● **GOAL OF THE EXERCISE**
Every line below from the one with "キッチンと色味を合わせた、統一感のあるカップボード。" through the one with "Bateria natryskowa ścienna" is to be repeated exactly, with no picture among them.

*** INFORMATION GIVEN Section Begins ***

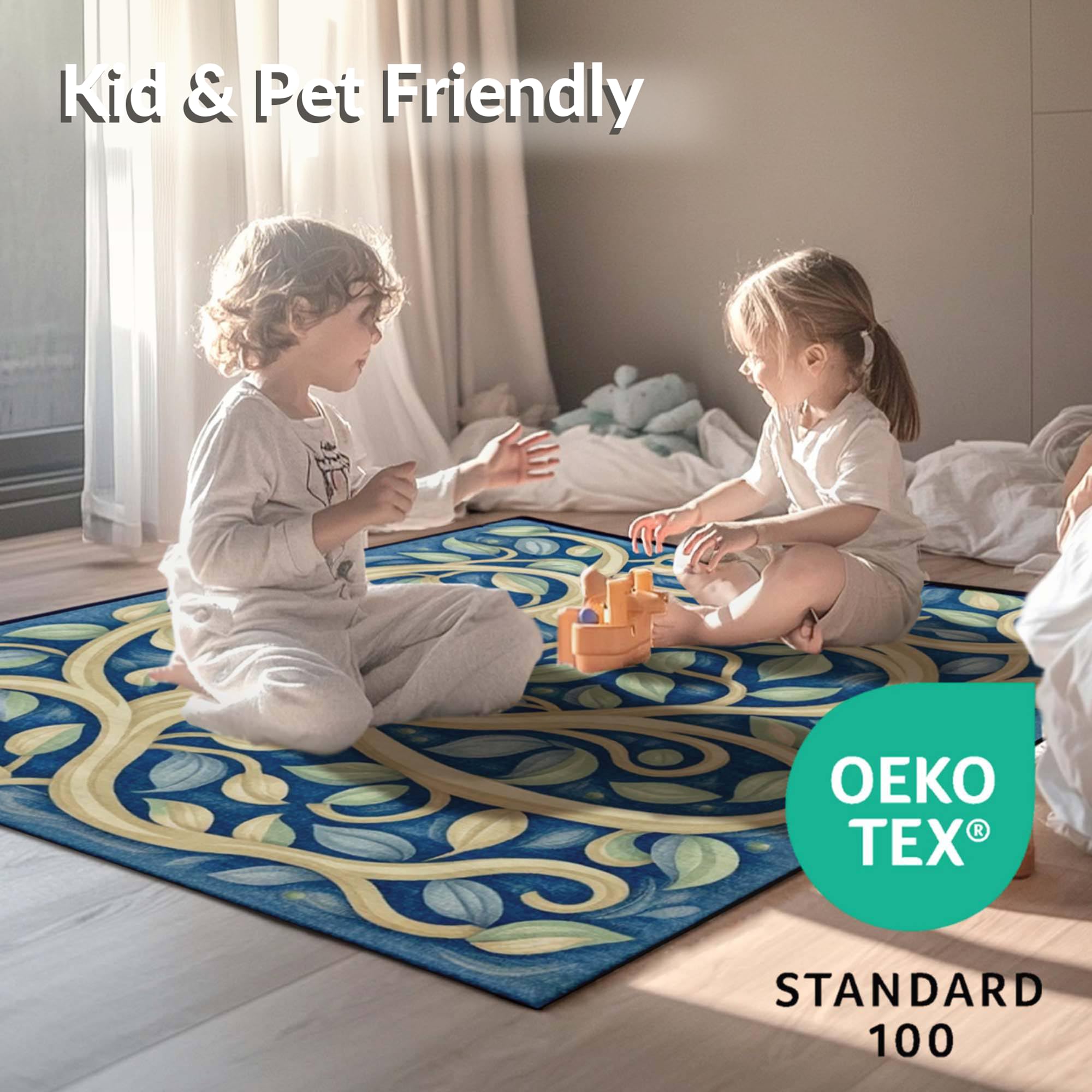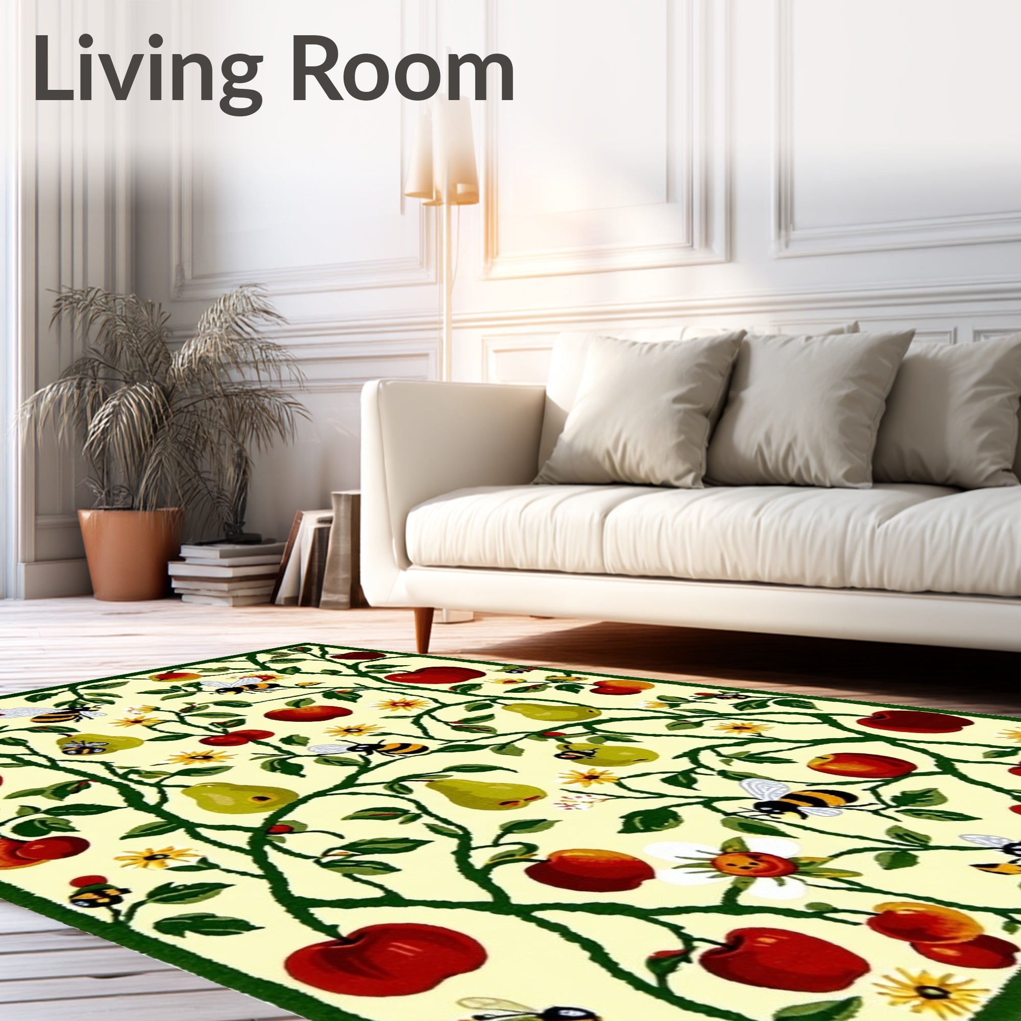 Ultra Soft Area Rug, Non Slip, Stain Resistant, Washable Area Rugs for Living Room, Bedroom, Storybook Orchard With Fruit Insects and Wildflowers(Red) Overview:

*** INFORMATION GIVEN Section Ends ***
*** INFORMATION GIVEN Section Begins ***

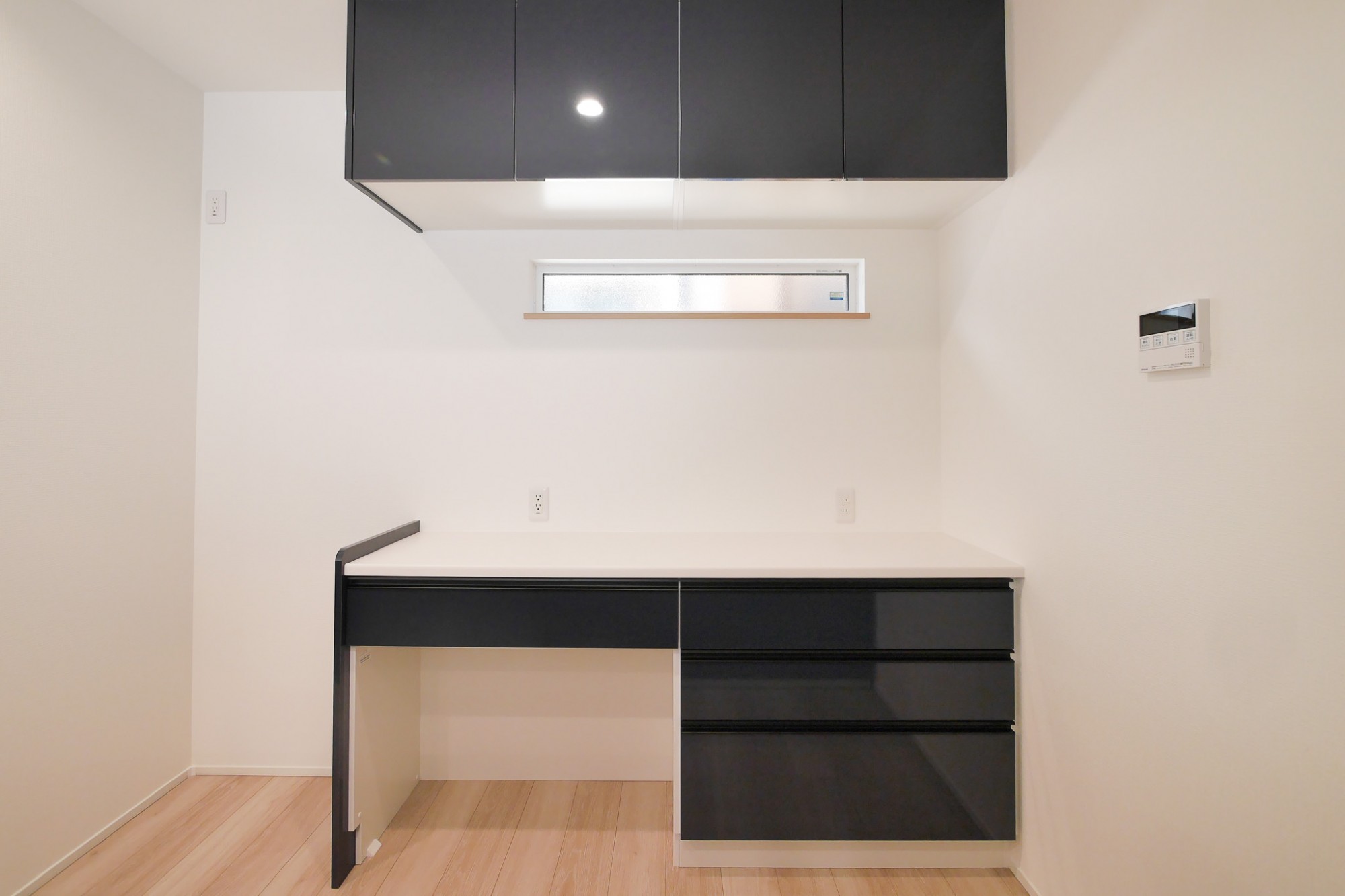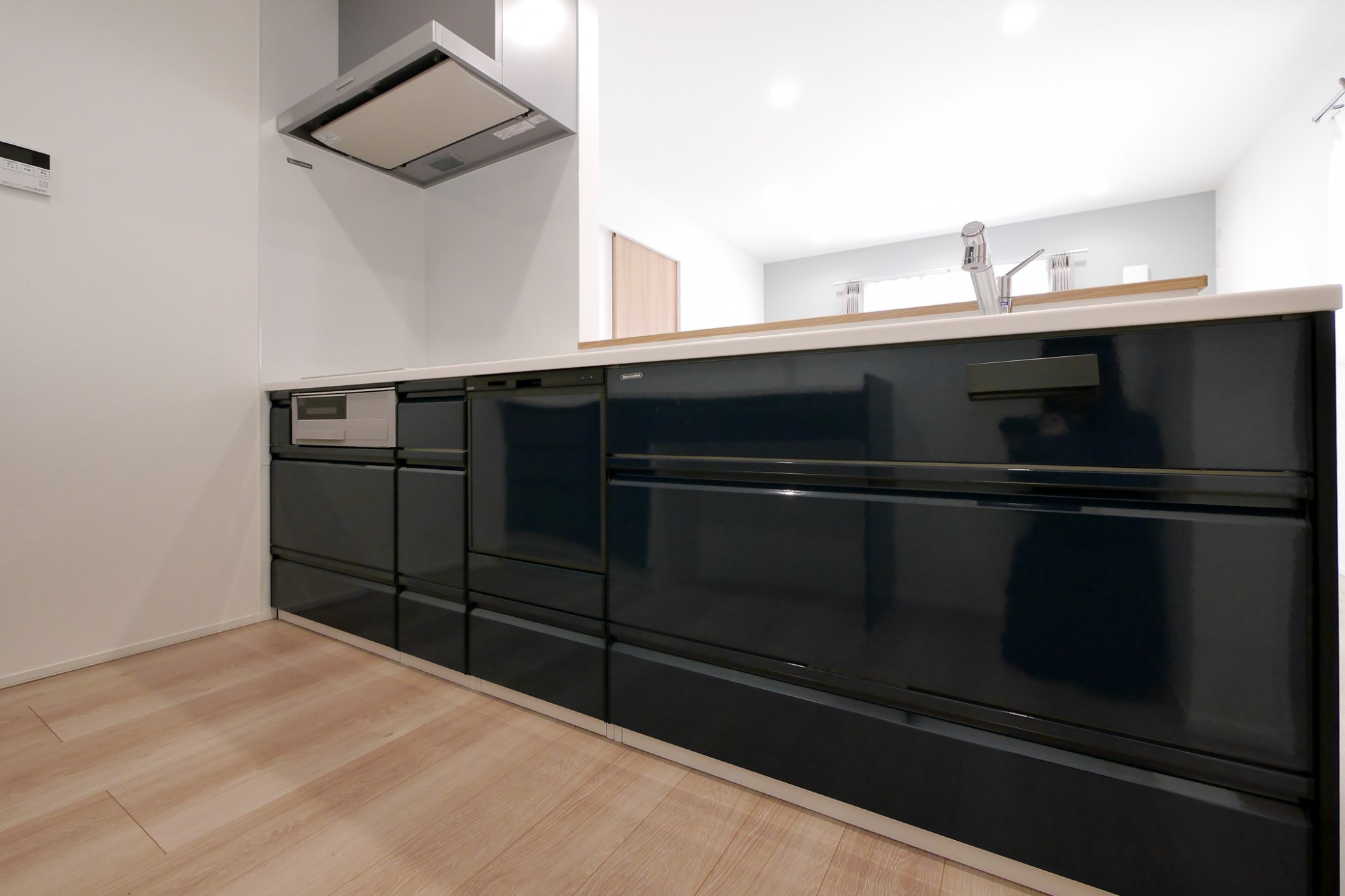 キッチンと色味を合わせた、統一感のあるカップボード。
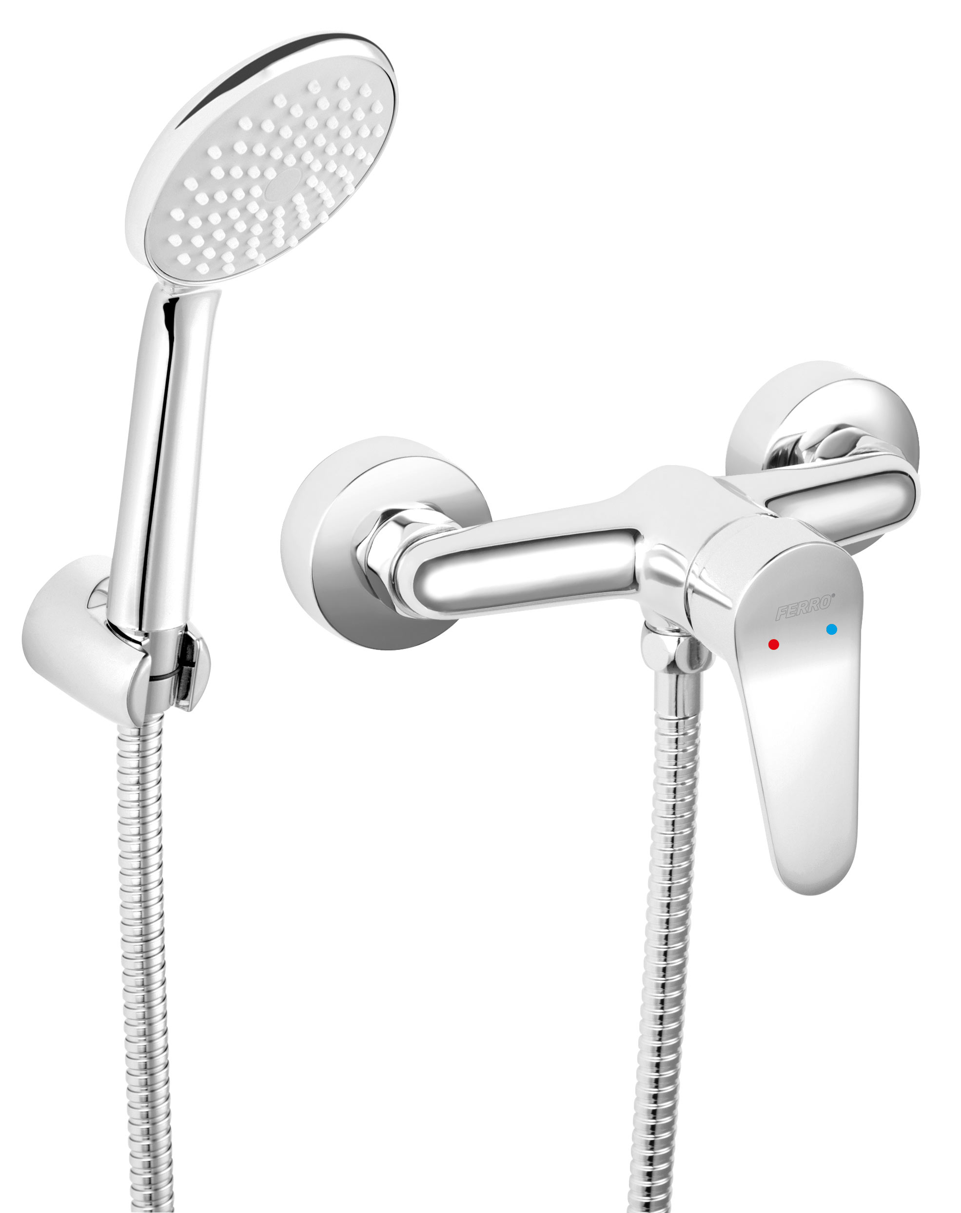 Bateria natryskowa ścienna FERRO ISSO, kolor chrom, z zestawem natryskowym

*** INFORMATION GIVEN Section Ends ***

● **TASK OUTPUT**
 キッチンと色味を合わせた、統一感のあるカップボード。
 Bateria natryskowa ścienna FERRO ISSO, kolor chrom, z zestawem natryskowym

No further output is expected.